«Елизавета, ты скоро? Мы тебя заждались!» – прозвучал мужской голос. В следующее мгновение обладатель густого баритона оказался на пороге комнаты. «Так здесь еще одна девушка! Что же вы скучаете в праздник?! Пойдемте к нам! Посидим, выпьем шампанского, потанцуем», – Эдуард (а это был он, как сразу догадалась Нина) не обратил внимания на домашний халат Нины, на костыли, прислоненные к кровати.

«А что, действительно, Нинка, пошли, праздник ведь все-таки. Поди, так и просидела в комнате весь день», – Лиза как будто бы сама забыла о том, что Нина всегда сидит дома и никуда не выходит.

Нина даже не успела сообразить, что происходит, ее заколдовал голос Эдуарда, и, даже не подумав стесняться, потянулась за костылями. Она не видела в этот момент, как Лизавета взглядом и мимикой пыталась объяснить, что Нина – инвалид. Делать нечего, Эдуарду пришлось и дальше радостно расписывать подробности предстоящей вечеринки.

Нина проковыляла по коридору и застыла на пороге Лизиной комнаты. В центре комнаты на столе стоял огромный букет роз. «Такой букет мог подарить только настоящий мужчина», – промелькнуло в голове у Нины. Она неловко протиснулась мимо стола и уселась на диване, рядом с другим молодым человеком, на которого не обратила внимания. Она во все глаза смотрела на Эдуарда – он был воплощением женской мечты. И пусть он любит Лизу – она его достойна, а Нина просто прикоснется к чужому счастью, ей и этого достаточно.

Тем временем открыли шампанское, и Эдуард произнес тост за прекрасных дам. Нина впервые пробовала напиток, и он ей показался чудесным, восхитительным, как и сам вечер. Другого мужчину звали Василий, и он деликатно ухаживал за Ниной – передавал ей конфеты, почистил мандаринку. Когда «голливудская пара» пошла танцевать, Василий поднял тост за Нину, за ее доброту.

– С чего вы решили, что я добрая?! – удивилась Нина.

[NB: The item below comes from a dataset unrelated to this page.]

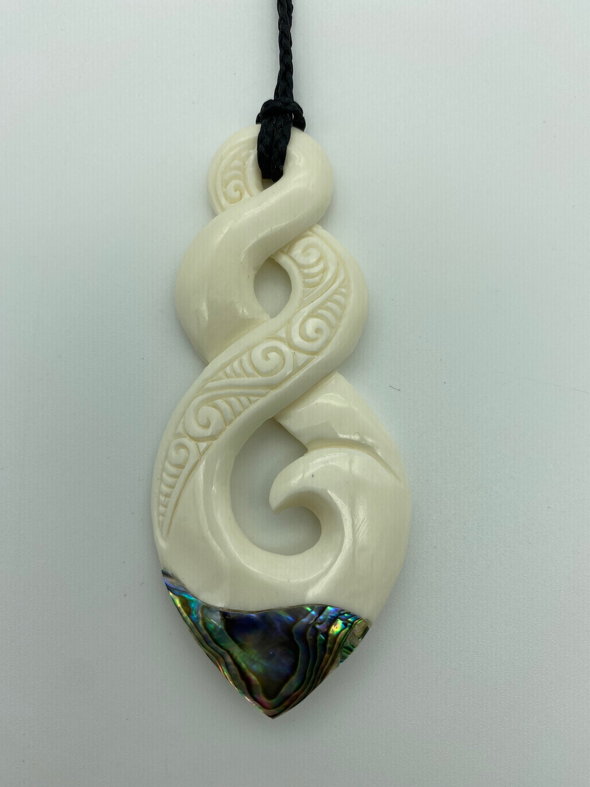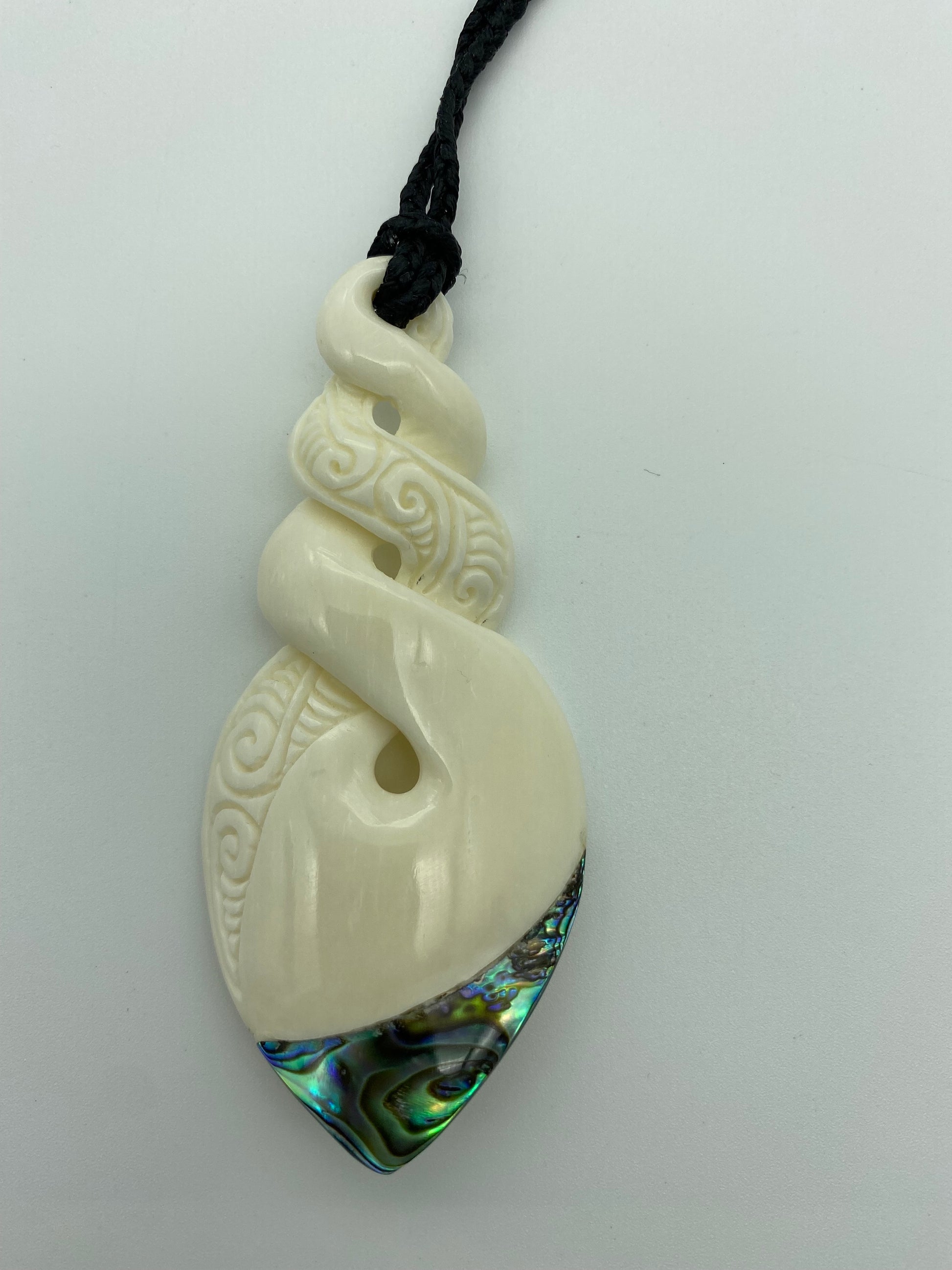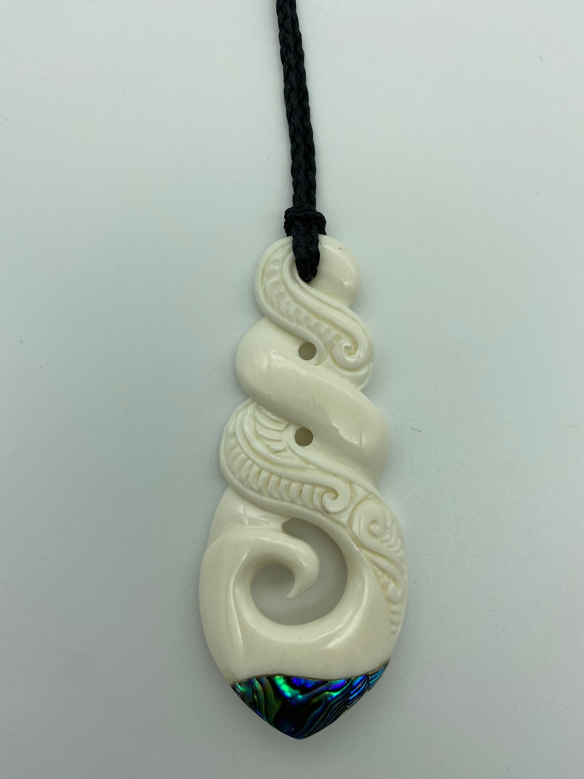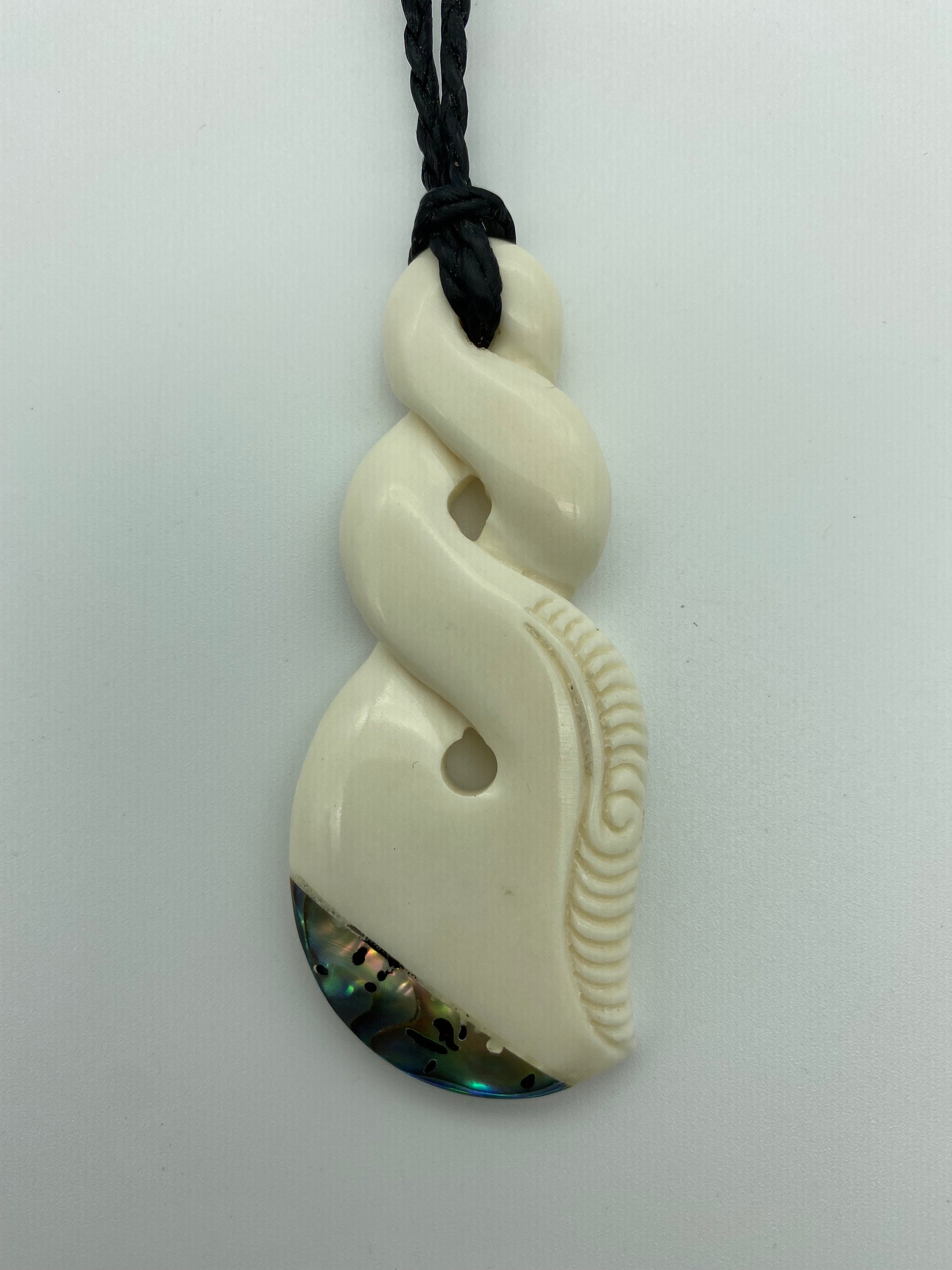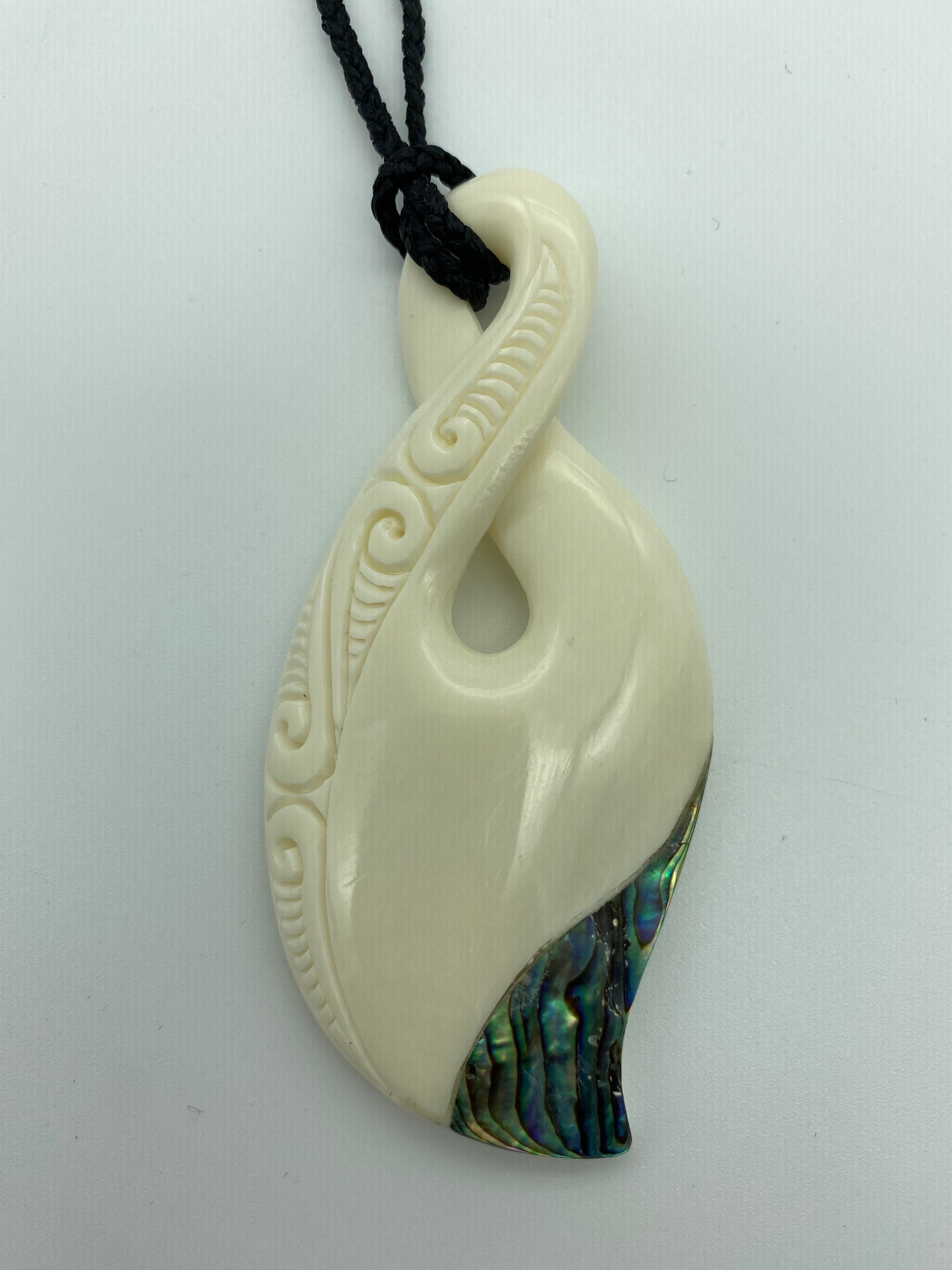 This beautiful bone Pikorua is a perfect combination of traditional Maori craftsmanship and modern touches. Hand-etched with intricate designs and featuring paua shell inlay, it is a treasured piece of art that reflects the culture and values of Aotearoa.

– Человека всегда видно по глазам. У злых людей не бывает добрых глаз.

– Что же, по-вашему, я добрая?

– Конечно. Человек, который знает, что такое собственная боль, может понять боль другого.

– Вы ошибаетесь, Василий, я не добрая. Я злая. Я, например, завидую сейчас Лизавете. И всем людям завидую, которые ходить нормально могут.

– Это понятно. Ведь вам действительно нелегко. Такой молодой, красивой девушке сидеть неподвижно дома – это очень тяжело. Для этого нужно мужество. Мне кажется, что не каждый мужчина вытерпел бы такую пытку. Вы давно болеете?

– Почти всю жизнь. С восьми лет.

– И все это время вы сидите дома?

– Нет. Когда был жив отец – мы ездили к морю, а потом его убили на войне в Чечне, и мы с мамой только по моим врачам ходили.

– Маме вашей, наверное, нелегко пришлось?

– Конечно, она же совсем молодая вдовой осталась. Не было бы меня, она, может, и замуж еще бы вышла. А так сами понимаете, кому она нужна с больным ребенком на руках, – девушка рассказывала о себе и матери по привычке бесстрастно и отстраненно.

– Нина, а чем вы целыми днями занимаетесь?

– Я книги читаю, телевизор смотрю. Варежки вяжу, носки. Мать их продает – хоть какая-то прибавка к моей пенсии.

– А кем работает ваша мама?

– Библиотекарем.

– Поэтому вы книги любите читать, да?

– А чем еще заниматься? Иногда, правда, с соседскими ребятишками мы «в школу» играем – я их считать учу, писать. Они хоть и маленькие совсем еще, но у них уже получается, – лицо Нины озарила светлая добрая улыбка.

– Нина, а можно я к вам в гости приду?

– Зачем?

– Мне показалось, что вам бывает одиноко.

– Нет, я привыкла. Да и, вообще, зачем вам это надо?! Что у вас нормальной девушки нет – вы со мной будете разговаривать?